==== Data excerpt ====
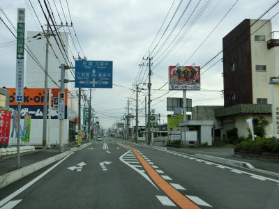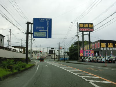 | 対面2車線道路を走っていると楠野町交差点を大きく左にカーブしながら通過する。さらに少し走ると熊本r113との交差点を通過する。r113は400m弱先でR3植木バイパスの開通済み区間の南端に接続している。 | ||
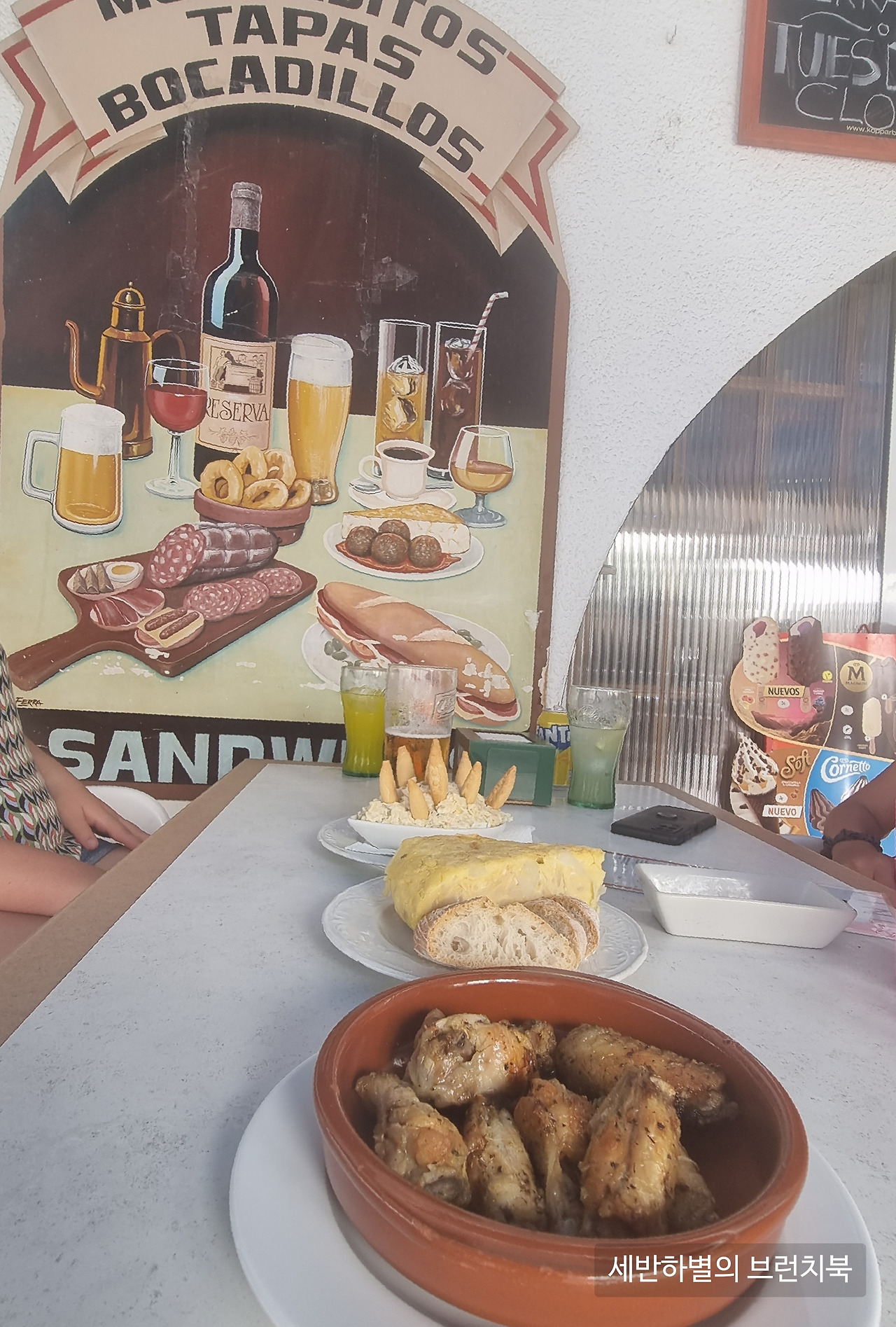 어쩐다. 역시 언제나 방법은 찾으면 나온다. 바 옆 조그만 진열장에 간식류가 보인다. 삶은 감자를 계란말이에 넣어 한국식 그것보다 더 두툼한 스페니쉬 오믈렛이 있고, 닭봉 튀김도 있다. 그 옆에 다른 메뉴가 하나 더 있다 . 꼭 감자샐러드 같은데 다른 사람에게 서빙되는 모습을 보니, 생선 냄새도 나는 것 같고 평소 보던 그 감자샐러드가 아니다.
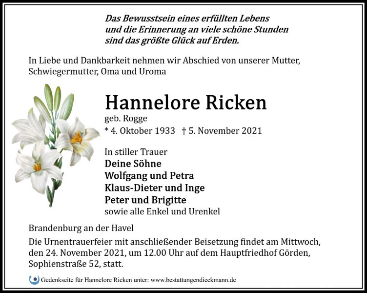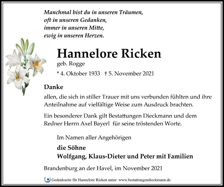 LLieber Wolfgang, der Tod gehört zu unserem Leben. Wir haben erfahren, dass deine Mutti verstorben ist. Das ist gerade vor Weihnachten und in dieser Jahreszeit ein schrecklicher Augenblick. Wir sprechen dir und deinen Angehörigen auf diesem Weg unser aufrichtiges Beileid aus und wünschen euch in dieser schweren Zeit viel Kraft.
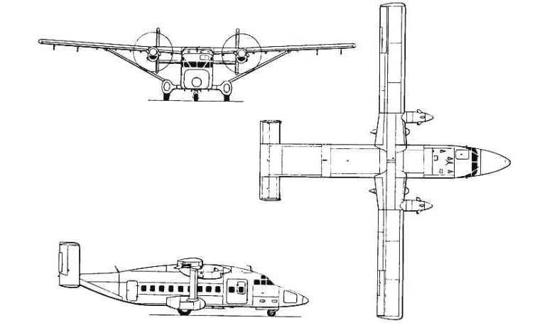 Regional airliner and utility freighter. In service since 1975. Improved, stretched development of SC-7 Skyvan. More powerful development 330-200. Various freighter versions were built including the Sherpa with a rear loading ramp. Military version C-23 for US Air Force and Army and 330-UT for Thailands Army.
====
### Activity
From the material above, reproduce everything verbatim except the pictures.

### Written answer
 | 対面2車線道路を走っていると楠野町交差点を大きく左にカーブしながら通過する。さらに少し走ると熊本r113との交差点を通過する。r113は400m弱先でR3植木バイパスの開通済み区間の南端に接続している。 | ||
 어쩐다. 역시 언제나 방법은 찾으면 나온다. 바 옆 조그만 진열장에 간식류가 보인다. 삶은 감자를 계란말이에 넣어 한국식 그것보다 더 두툼한 스페니쉬 오믈렛이 있고, 닭봉 튀김도 있다. 그 옆에 다른 메뉴가 하나 더 있다 . 꼭 감자샐러드 같은데 다른 사람에게 서빙되는 모습을 보니, 생선 냄새도 나는 것 같고 평소 보던 그 감자샐러드가 아니다.
 LLieber Wolfgang, der Tod gehört zu unserem Leben. Wir haben erfahren, dass deine Mutti verstorben ist. Das ist gerade vor Weihnachten und in dieser Jahreszeit ein schrecklicher Augenblick. Wir sprechen dir und deinen Angehörigen auf diesem Weg unser aufrichtiges Beileid aus und wünschen euch in dieser schweren Zeit viel Kraft.
 Regional airliner and utility freighter. In service since 1975. Improved, stretched development of SC-7 Skyvan. More powerful development 330-200. Various freighter versions were built including the Sherpa with a rear loading ramp. Military version C-23 for US Air Force and Army and 330-UT for Thailands Army.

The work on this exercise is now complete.